11th June 2006 --- During the June 3^rd public star party at the Griffith Observatory satellite, the seeing was bad due to the triple digit temperatures during the day, and the subsequent cool down at night to the 70s. Other than this the skies were pretty good: no clouds, very little haze, and practically no wind.

As night fell, there were four planetary targets up in the sky, but as would soon become apparent, only two of them were worth looking at, due to the bad seeing caused by the rising heat currents.

Mars is now, for all practical purposes, gone. It presents a disk that is less than 5 arc-seconds wide, and its low position near the horizon makes the view too degraded to see any features, even when one uses imaging equipment. Saturn was only a little higher, and suffered from the heat currents running off the asphalt parking lot. I didn’t try and image either one. The Moon was the highest target, and had the advantage that it was large enough that it presented good views at relatively low magnifications that mitigated the effects of the heat currents to some degree, but high powers here were out of the question.
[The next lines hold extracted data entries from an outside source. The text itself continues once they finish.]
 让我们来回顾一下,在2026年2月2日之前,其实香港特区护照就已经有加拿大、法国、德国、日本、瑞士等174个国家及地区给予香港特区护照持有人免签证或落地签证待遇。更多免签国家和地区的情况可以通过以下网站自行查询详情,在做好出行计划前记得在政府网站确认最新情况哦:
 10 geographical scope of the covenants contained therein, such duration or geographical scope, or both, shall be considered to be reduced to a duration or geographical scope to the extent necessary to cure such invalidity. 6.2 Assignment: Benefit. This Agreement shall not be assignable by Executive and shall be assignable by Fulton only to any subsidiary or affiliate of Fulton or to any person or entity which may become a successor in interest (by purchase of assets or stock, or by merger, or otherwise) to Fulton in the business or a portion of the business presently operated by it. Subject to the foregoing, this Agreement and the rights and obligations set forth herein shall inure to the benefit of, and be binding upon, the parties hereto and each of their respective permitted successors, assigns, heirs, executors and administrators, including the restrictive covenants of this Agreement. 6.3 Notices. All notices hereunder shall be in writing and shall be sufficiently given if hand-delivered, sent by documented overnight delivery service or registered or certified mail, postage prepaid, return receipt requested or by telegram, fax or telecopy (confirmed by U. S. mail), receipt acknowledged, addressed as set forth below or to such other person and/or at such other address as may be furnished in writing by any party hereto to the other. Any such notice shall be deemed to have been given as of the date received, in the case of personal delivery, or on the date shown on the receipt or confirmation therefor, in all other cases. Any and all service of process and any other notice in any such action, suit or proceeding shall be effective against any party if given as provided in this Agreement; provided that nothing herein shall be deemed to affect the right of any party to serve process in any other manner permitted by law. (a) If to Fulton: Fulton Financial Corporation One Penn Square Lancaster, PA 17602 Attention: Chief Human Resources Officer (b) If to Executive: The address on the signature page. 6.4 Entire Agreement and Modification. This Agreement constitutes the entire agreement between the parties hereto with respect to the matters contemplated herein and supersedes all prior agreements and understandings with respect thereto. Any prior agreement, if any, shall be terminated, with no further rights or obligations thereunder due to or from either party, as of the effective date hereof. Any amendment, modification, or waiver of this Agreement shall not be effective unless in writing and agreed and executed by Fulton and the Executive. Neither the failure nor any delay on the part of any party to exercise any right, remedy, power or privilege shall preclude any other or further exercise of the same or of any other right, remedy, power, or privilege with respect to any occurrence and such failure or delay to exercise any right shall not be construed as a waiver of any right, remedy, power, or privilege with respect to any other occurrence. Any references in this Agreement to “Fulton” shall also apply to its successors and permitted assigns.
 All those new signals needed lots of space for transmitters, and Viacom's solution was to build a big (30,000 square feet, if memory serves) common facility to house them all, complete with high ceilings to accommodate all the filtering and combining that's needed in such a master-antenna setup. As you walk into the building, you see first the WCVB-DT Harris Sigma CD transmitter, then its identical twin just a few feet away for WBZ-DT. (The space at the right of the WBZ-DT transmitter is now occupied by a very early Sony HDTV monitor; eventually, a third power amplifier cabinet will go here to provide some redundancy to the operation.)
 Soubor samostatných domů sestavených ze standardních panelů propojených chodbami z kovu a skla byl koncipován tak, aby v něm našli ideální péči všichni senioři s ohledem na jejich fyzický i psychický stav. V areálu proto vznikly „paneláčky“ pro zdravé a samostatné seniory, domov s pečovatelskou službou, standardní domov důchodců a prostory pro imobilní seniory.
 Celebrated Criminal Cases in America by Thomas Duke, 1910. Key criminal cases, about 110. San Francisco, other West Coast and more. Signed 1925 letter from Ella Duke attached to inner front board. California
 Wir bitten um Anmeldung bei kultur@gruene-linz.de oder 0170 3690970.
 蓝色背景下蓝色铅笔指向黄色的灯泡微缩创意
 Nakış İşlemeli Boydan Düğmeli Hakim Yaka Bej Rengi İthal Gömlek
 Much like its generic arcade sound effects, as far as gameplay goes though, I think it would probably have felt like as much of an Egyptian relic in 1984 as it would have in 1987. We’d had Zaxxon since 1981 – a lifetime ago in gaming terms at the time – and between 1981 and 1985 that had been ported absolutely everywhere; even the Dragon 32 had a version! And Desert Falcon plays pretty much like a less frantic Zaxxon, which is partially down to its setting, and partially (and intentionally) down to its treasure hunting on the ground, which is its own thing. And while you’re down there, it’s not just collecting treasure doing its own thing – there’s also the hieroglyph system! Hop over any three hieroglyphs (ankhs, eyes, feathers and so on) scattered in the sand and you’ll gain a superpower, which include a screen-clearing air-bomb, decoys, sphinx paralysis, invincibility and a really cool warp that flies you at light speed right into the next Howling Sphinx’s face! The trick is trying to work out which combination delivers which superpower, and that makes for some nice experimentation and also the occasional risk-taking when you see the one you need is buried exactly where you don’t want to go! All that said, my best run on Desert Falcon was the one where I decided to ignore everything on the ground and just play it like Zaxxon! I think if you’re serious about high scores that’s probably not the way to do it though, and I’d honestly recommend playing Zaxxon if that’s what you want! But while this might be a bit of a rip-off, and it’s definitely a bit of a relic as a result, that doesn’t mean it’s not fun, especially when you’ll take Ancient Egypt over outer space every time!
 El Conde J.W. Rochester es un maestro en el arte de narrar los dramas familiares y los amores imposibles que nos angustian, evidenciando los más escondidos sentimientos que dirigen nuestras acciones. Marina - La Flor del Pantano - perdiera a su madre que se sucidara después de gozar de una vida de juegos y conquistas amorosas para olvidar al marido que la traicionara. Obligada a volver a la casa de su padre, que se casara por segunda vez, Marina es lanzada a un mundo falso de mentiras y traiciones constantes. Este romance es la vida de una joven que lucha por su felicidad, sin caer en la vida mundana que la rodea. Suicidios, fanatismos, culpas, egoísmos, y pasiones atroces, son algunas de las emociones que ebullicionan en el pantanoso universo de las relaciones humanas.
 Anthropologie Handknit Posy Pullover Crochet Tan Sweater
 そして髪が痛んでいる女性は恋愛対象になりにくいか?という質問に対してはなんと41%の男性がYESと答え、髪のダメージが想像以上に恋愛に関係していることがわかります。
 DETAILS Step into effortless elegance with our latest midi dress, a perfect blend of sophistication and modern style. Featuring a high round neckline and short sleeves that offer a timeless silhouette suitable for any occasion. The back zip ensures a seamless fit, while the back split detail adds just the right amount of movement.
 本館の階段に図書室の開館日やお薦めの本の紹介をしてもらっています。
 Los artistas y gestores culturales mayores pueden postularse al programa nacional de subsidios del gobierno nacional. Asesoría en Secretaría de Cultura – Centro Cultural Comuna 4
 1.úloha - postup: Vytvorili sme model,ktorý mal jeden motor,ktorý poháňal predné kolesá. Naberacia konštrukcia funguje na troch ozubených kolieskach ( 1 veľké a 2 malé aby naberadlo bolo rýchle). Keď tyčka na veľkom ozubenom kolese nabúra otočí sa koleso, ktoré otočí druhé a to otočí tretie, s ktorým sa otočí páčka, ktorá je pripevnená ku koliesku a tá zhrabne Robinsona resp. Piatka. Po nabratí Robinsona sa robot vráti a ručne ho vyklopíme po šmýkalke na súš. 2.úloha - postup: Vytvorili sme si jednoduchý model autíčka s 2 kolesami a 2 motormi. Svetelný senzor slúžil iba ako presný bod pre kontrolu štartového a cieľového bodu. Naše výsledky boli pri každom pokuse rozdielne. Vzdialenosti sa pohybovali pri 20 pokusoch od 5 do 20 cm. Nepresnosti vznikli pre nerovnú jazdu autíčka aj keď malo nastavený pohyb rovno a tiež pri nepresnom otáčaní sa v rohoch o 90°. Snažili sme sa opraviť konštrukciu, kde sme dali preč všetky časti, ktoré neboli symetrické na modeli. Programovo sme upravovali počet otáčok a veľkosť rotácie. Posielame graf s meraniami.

That left Jupiter as the main attraction that night. Fortunately it rose above a set of tall trees. Plants in general give off less heat than concrete or asphalt as things cool down at night, and therefore the seeing above them is better. I got reports that the two temperate zone belts were visible, as well as the Great Red Spot, and some dark features in the normally white equatorial zone.  However, a few observers asked if I knew where the fourth moon of Jupiter was. No evidence of it existed in the raw video images I collected, so it was with some astonishment that, after stacking several hundred images and examining the results, I saw the black spot of a moon shadow clearly on all the processed images!  After checking with my planetarium program, I soon identified the spot as the shadow of Europa, which was transiting the disk of Jupiter during the time of the star party. In fact, it was preparing to exit off the disk when we all had to stop and pack away our equipment. It shows how bad the seeing was that night; I received no reports from anyone that they spotted the shadow, but then both Io and Europa cast small shadows, and it’s easy to miss them if the seeing is bad.

Another feature everyone was trying to see was Red Spot Jr., the companion to the Great Red Spot that has an interesting history behind it. Prior to 1998 or so junior was actually three or more white spots, two of which had been in existence and tracked by amateurs for 90 years, and the third having been tracked since 1939. Over a span of three years the storms collided and combined to form a white spot about half the size of the Great Red. Then since about the beginning of 2006, the spot quickly got pinker, until its color rivaled the Great Red’s. Unfortunately, I had misjudged the position, thinking it was still in the position relative to the Great Red as it appeared in a Hubble image from April, but it had actually moved closer to the Great Red until it was practically right underneath it. I found it in my stacked images once I corrected for my position error.

I took video of Jupiter from around 8:40 pm to 9:45 pm. The first image is the result from stacking the images from one of the first videos.  It shows Europa’s shadow, Red Jr., and the Great Red Spot, as well as the tremendous amount of activity in the equatorial region. This image is at the same scale as the raw videos used to generate them, but with far more clarity of detail and contrast.  The second image was generated from video taken towards the end of the evening. It has been re-sampled to twice the original’s size to help discern details.  It is annotated to identify some of the features. Both images are rotated to have north at the top and are non-mirror image, and were the result of stacking several hundred images from video files, then processing through wavelet filters. The camera was operating at the focus point of a 127 mm Maksutov with an equivalent focal ratio of f/25 or so. Compare the colors for The Great Red and Red Jr. Europa is visible in the second image as a thin crescent at the edge of Jupiter’s disk. It is easier to perceive such white objects when they reach the limb of Jupiter due to the phenomenon called limb darkening. Also, an examination of two images taken at slightly different times shows a thin crescent at the correct position to be Europa, so it is unlikely to be an artifact of image processing, although it might still be a atmospheric feature. Notice the large number of dark features in the equatorial region. Normally this region is mostly white with some festoons crisscrossing it, but all throughout that night I wondered at the many features visible in that region even in the raw images. The stacked and processed images show everything much clearer and more distinctly of course.

The Moon was fine for imaging if the magnifications were kept low. This image is the result of stacking several hundred images from a video, with the camera at the prime focus of my 127 mm f/12.1 Maksutov. It has been rotated with north at the top and is non-mirror imaged. The main feature in the center of the image is Mare Nectaris. A possible remnant of an outer rim for this feature is visible in the lower left portion of the image. The small crater with the V-shaped ray system leading away to the north is not Messier A/B, but the crater Rosse.  Note that Rosse and two other craters running south by southwest to north by northeast are lined up, are slightly elongated, and at least one other has a V-shaped ray system that lines up with Rosse’s.  This implies that they are part of a sequence of bodies impacting along similar trajectories on the lunar surface, and they may be either ejecta material from a large impact in the opposite direction from the V-shaped rays, or an event similar to comet Shoemaker-Levy impacting on Jupiter, the product of a comet breakup where the fragments are all traveling on similar paths through space.